От этого крика Юрий осел, съежился и, как побитый, побрел к дверям. Ей стало его жалко.
– Слышишь ты, Юрка, – сказала она жалостливо вдруг, забыв о боли в животе, подошла к нему, положила обе руки на его плечи, от чего он сжался еще больше. И, будто чего-то вымаливая, проговорила: – Я Семена люблю. Больше жизни. Ты это можешь понять?
– Понимаю.
– Если даже... если даже с ним случится что на войне, я, если от горя не помру, буду ему верна до старости... до самой смерти! Никого у меня больше не будет. Никого мне не надо. Понимаешь?
– Нет, – сказал на этот раз Юрий, глядя на нее действительно непонимающими, изумленными глазами.

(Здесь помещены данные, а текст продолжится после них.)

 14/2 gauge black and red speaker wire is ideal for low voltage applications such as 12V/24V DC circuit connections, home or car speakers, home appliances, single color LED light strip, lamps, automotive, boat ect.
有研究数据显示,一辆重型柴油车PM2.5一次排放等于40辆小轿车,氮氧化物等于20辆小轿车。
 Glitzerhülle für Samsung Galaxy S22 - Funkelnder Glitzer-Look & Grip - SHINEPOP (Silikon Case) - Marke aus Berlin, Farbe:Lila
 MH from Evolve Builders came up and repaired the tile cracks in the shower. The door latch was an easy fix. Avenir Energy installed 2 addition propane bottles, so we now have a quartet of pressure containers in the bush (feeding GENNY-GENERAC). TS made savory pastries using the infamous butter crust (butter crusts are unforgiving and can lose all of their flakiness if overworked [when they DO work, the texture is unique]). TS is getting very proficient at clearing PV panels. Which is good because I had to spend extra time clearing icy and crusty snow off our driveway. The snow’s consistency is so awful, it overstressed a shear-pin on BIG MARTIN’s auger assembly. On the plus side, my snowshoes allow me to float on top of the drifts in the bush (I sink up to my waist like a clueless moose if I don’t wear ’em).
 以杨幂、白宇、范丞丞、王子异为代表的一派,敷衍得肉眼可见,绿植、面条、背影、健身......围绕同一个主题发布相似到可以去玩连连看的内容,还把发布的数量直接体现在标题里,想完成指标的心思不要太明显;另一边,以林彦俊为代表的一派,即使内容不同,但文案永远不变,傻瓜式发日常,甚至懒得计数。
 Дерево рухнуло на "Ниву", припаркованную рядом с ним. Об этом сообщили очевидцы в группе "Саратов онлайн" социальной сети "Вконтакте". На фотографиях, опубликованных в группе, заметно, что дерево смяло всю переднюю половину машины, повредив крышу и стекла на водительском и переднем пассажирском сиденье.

– Все равно... Тогда запомни хоть. Иди.
Он ушел, больше Наташа не видела его до самого рождения Леночки. Когда выписывалась из роддома, он пришел туда вместе с матерью Семена Анной Михайловной, бабкой Акулиной и, когда Наташа вышла, а нянечка подала Анне Михайловне ребенка, потребовал:
– Покажите мне.
Наташа сдвинула брови, на исхудавшем, измученном лице ее проступила тревога, будто она была виновата в чем-то страшном, и вот сейчас Юрий произнесет свой приговор, признает ребенка за своего при всех, и тогда... Ее даже опалила мысль: «Неужели он решился на такой чудовищный поступок?!» Но Юрий ничего не сказал, между ним и бабушкой Акулиной просунул свой крючковатый нос Колька Инютин, неизвестно как и зачем здесь очутившийся, и проговорил довольно:
– Вылитый Семка! Надо же!
– Это девочка, Николай, – сказала Анна Михайловна.
– Чего-о? – разочарованно протянул Колька. – Тоже мне...
– Бесстыдник! – прикрикнула Акулина Тарасовна. – Чего те тут? Ступай-ка.
После, когда Наташа перешла работать секретарем к Нечаеву, Юрий, встречая ее где-нибудь на территории завода, первым делом спрашивал, как здоровье Леночки. Первым и последним, потому что Наташе было это неприятно и она торопливо отходила, чувствуя, что он обиженно глядит ей вслед, и понимая, что обижает его напрасно.
...Голоса, затихая, доносились со всех сторон, то с близких, то с отдаленных улиц, окон зацветало все больше, будто сейчас была не полночь, а приближался рассвет. Они погорят немножко, думала Наташа, люди, вернувшиеся со смены, торопливо поужинают и, усталые, лягут спать. Одно за другим окна будут гаснуть, и вскоре все большое село, как измотавшаяся за день хлопотливая хозяйка, вскочившая, чтобы встретить и накормить работников, снова будто приляжет и задремлет. Сон будет крепкий, но непродолжительный, через несколько часов уже прольется рассвет, потом опять зацветут окна, но на этот раз от веселых солнечных лучей, которые тугими снопами ударят в стекла из-за каменных круч Звенигоры. А вскоре свежий утренний воздух расколет знакомый и всегда волнующий, до боли щемящий сердце звон Кремлевских курантов, и с площади перед сквером Павших борцов революции, где укреплен на столбе радиодинамик, на все село разнесутся отчетливые слова диктора: «От Советского информбюро...»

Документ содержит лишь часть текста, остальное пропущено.